### PROBLEM TO SOLVE:
Every line that contains "Hajigabul" must be located and copied from the data.

### DATA BELOW:
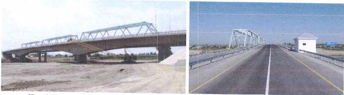
Ադրբեջան, Hajigabul-Bahramtepe ճանապարհի վերահսկողություն, Կուտ գետի կամուրջ

Ավելին, Ադրբեջանում Այ. Ար. Դի. Էնջինիբրինգը 2016 թ-ին սկսել է Բաքու-Շամախի-Մուգանլի ճանապարհի շինարարական աշխատանքների վերահսկողությունը , ծրագիրը երթադրում է 30 կմ ճանապարհահատվածի բարելավման աշխատանքներ՝ FIDIC պայմանագրի պայմանների համաձայն: Իսկ նախորդ տարիներին Այ. Ար. Դի. Էնջինիբրինգը իրականացրել է Hajigabul-Bahramtepe ճանապարհահատվածի, Խմբ. 1, Խմբ. 2 և Կուտ գետի կամրջի և միացնող ճանապարհների վերահսկողություն ՝ FIDIC պայմանների համաձայն, ՄԶԲ ֆինանսավորմամբ:
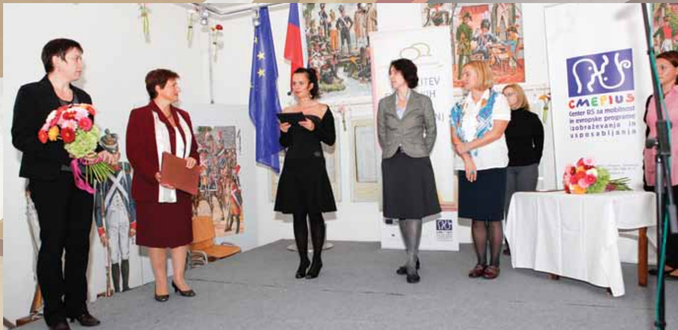
Podelitev Nacionalnih jezikovnih priznanj, Slovenski šolski muzej, Ljubljana, 27. 9. 2010

### RESPONSE TO THIS TASK:
Ադրբեջան, Hajigabul-Bahramtepe ճանապարհի վերահսկողություն, Կուտ գետի կամուրջ
Ավելին, Ադրբեջանում Այ. Ար. Դի. Էնջինիբրինգը 2016 թ-ին սկսել է Բաքու-Շամախի-Մուգանլի ճանապարհի շինարարական աշխատանքների վերահսկողությունը , ծրագիրը երթադրում է 30 կմ ճանապարհահատվածի բարելավման աշխատանքներ՝ FIDIC պայմանագրի պայմանների համաձայն: Իսկ նախորդ տարիներին Այ. Ար. Դի. Էնջինիբրինգը իրականացրել է Hajigabul-Bahramtepe ճանապարհահատվածի, Խմբ. 1, Խմբ. 2 և Կուտ գետի կամրջի և միացնող ճանապարհների վերահսկողություն ՝ FIDIC պայմանների համաձայն, ՄԶԲ ֆինանսավորմամբ:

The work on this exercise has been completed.